Bilgi Diyarı

Aşağıdaki Kutu ile Sonsuz Bilgi Diyarı'nda İstediğinizi Arayabilirsiniz...

Amedeo Modigliani

  • Okunma : 353

(1884-1920) Hiçbir sanat akımına bağlanmayarak kendine özgü duyarlı bir üslupla yarattığı portreleriyle tanınan İtalyan ressam ve heykeltıraş Amedeo Modigliani, ticaretle uğraşan Yahudi bir ailenin çocuğu olarak Livorno’da doğdu. Hastalıklı bir çocuk olduğu için düzenli bir eğitim görmedi. Buna karşılık, daha küçük yaşlardayken anlaşılan resim yeteneğini annesi destekledi; Modigliani Roma, Floransa ve Venedik’teki sanat akademilerinde kısa bir eğitim gördü.

    1906’da Paris’e yerleşen Modigliani, Montmartre’daki sanatçı çevresine girerek orada Paul Cezanne, Henri de Toulouse-Lautrec ve Pablo Picasso gibi pek çok ünlü ressam ve heykeltıraşla tanıştı.

    Rumen heykeltıraş Constantin Brancusi’nin etkisiyle geleneksel Afrika heykellerine ilgi duyan Modigliani’nin 1912’de Paris’te açtığı sergide yer alan, ilkel sanata özgü yalın biçimlerle gerçekleştirdiği sekiz tane taş büst çok beğenildi. Daha sonra resme ağırlık veren Modigliani özellikle portreleriyle dikkati çekti. Heykelle ilgili deneyimlerinin izlerini taşıyan bu portrelerde, insan yüzleri bir arka plan önünde adeta heykelsi görünümde yerleştirilmiş, derinliksiz, iki boyutlu kompozisyonlardır.

    I. Dünya Savaşı Modigliani’nin yaşamında gerilimli bir dönem oldu. Pek çok arkadaşı savaşa katılmıştı, yapıtlarını satamıyordu. Aşırı içki, uyuşturucu ve parasızlık yüzünden sağlığı bozulmuştu.

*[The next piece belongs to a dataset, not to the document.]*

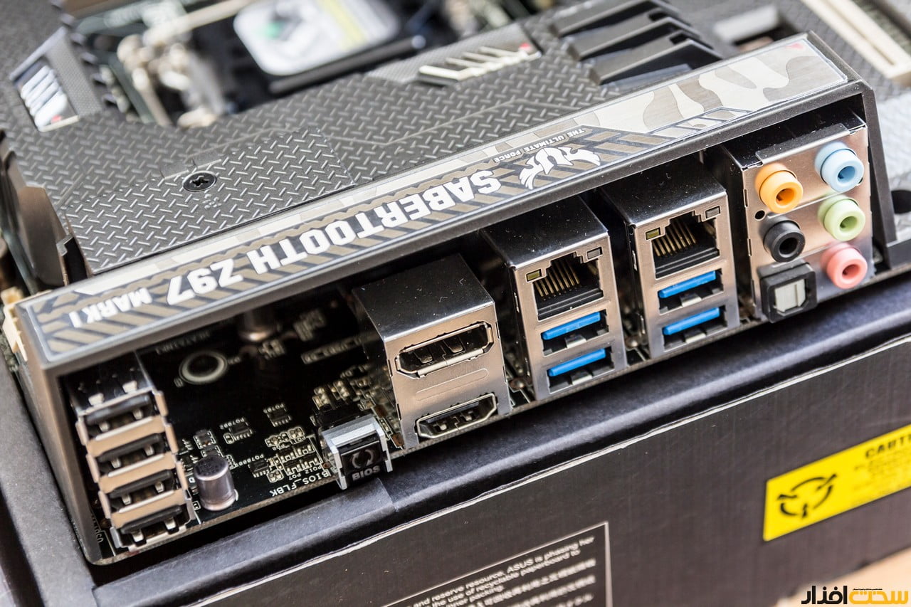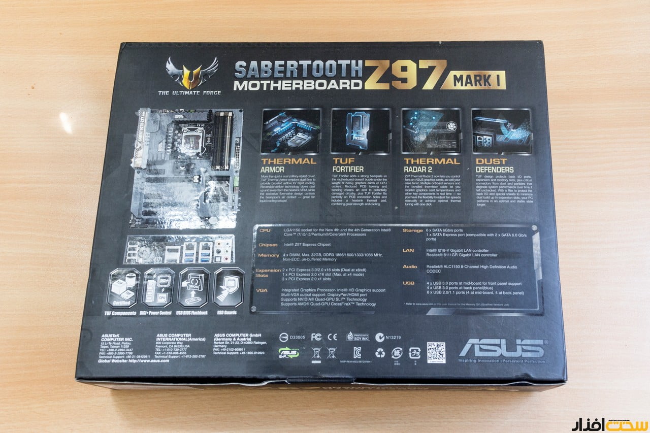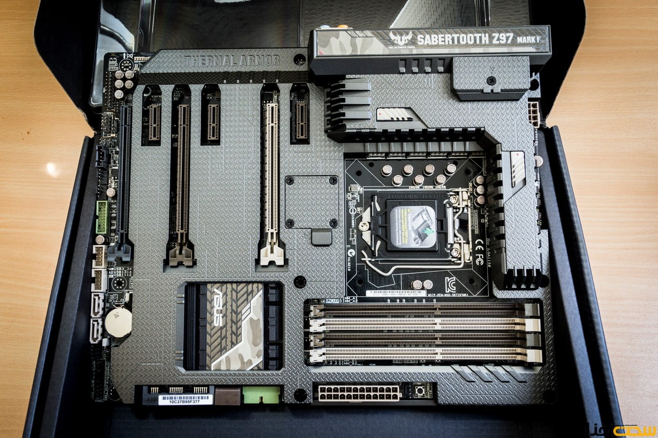 مادربورد Asus Z97 Sabertooth MARK I با همان سبک و سیاق قدیم طراحی شده است. یک قاب پلاستیکی روی سطح مادربورد را پوشانده و دو فن می توان روی این قاب نصب نمود.
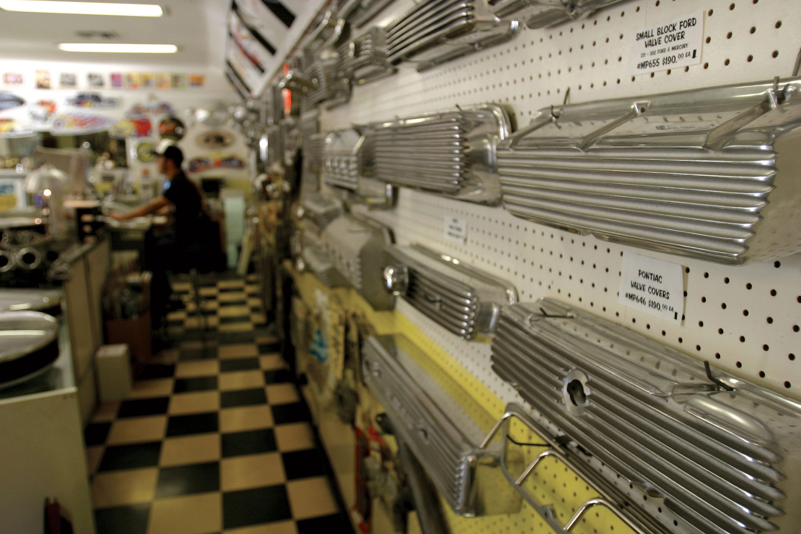 The showroom is what every auto parts store dreams of being: diced in checkerboard black and yellow tile with a heap of pegboard. Up front, the sales counter is the hub of business, fueled by eager customers that keep the phone ringing off the hook. Bob, Sam and Robin deal one-on-one with customers, keeping all 50 states Moon-equipped.

Gene de, en iyi resimlerinden bazılarını bu dönemde yaptı. Bunların içinde sıradan insanların yanı sıra Jean Cocteau (1916), Juan Gris (1913), Chaim Soutine (1916-17) gibi ünlülerin de portreleri vardı. Çizdiği yüzleri ve boyunları sonraları daha da uzatan Modigliani yalın renkler, basit çizgiler kullandı.

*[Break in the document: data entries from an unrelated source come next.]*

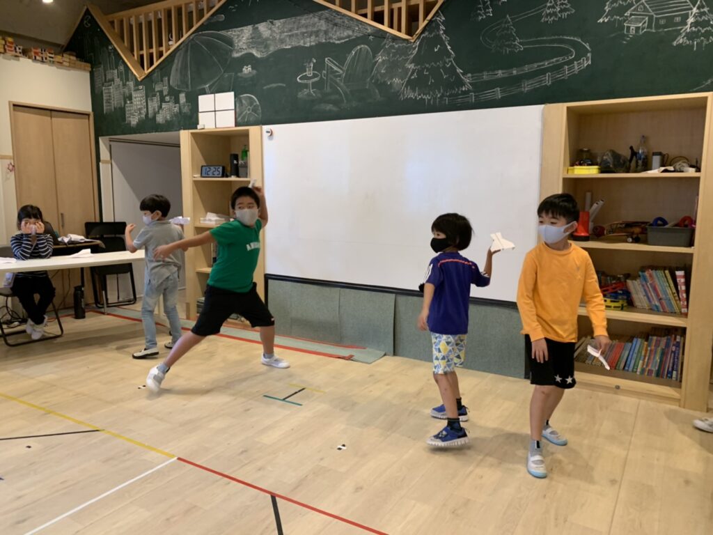 みんなで紙飛行機を作っているときに今日はたくさん英語がきこえてきました
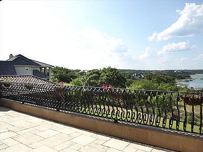 Combining stunning scenery & impressive design, this LT waterfront estate represents the best in luxury.You are greeted by spectacular double arched Cantera doors encased in glass at the entry.Not to be overshadowed by the wall of windows in the lvg room;that when opened bring the outdoors inside w ease.The redesigned interior of the home is graceful & serene allowing for many entertaining areas.Spend cool evenings relaxing by the outdoor fireplace overlooking the neg edge pool & the lake. The rounded staircase leads you to the master suite on the upper level giving way to privacy and wonderful lake and hill country views.Enjoy the fireplace as you soak in the jetted tub or place your exercise equipment in the open space and take in more views.All four remaining bedrooms with en suite baths are located on the main level separated by a smart living space allowing study nooks, storage closet and built in entertainment shelving. Other features include media room with full bar and study.
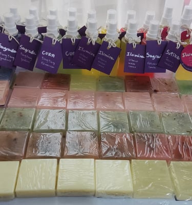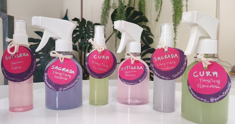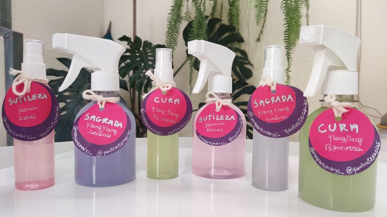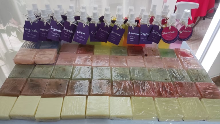 Sprays vibracionais e sabonetes terapêuticos para bem-estar integral.
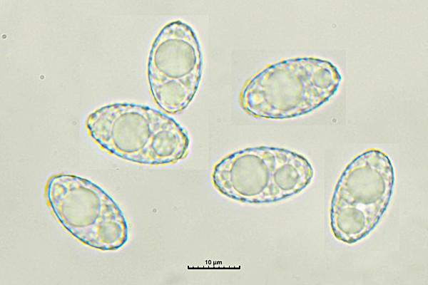 The spores measure 17.8 - 19.6 × 10.2 - 10.8 µm.

    Modigliani 1917’de bir çıplak (nü) dizisine başladı. Günümüzde onun en iyi yapıtları olarak değerlendirilen bu tablolar sergilendiğinde, polis çıplak resimleri ahlaka aykırı bularak sergiden kaldırttı. Aynı yıl Fransa’nın güneyine yerleşen sanatçı iki yıl sonra veremden öldü.

    Modigliani yaşamı boyunca, Paris’teki sanatçı çevresi dışında çok az tanındı. Ama, 1922’de Paris’te bir galeri onun tablolarını sergiledikten sonra ün kazandı.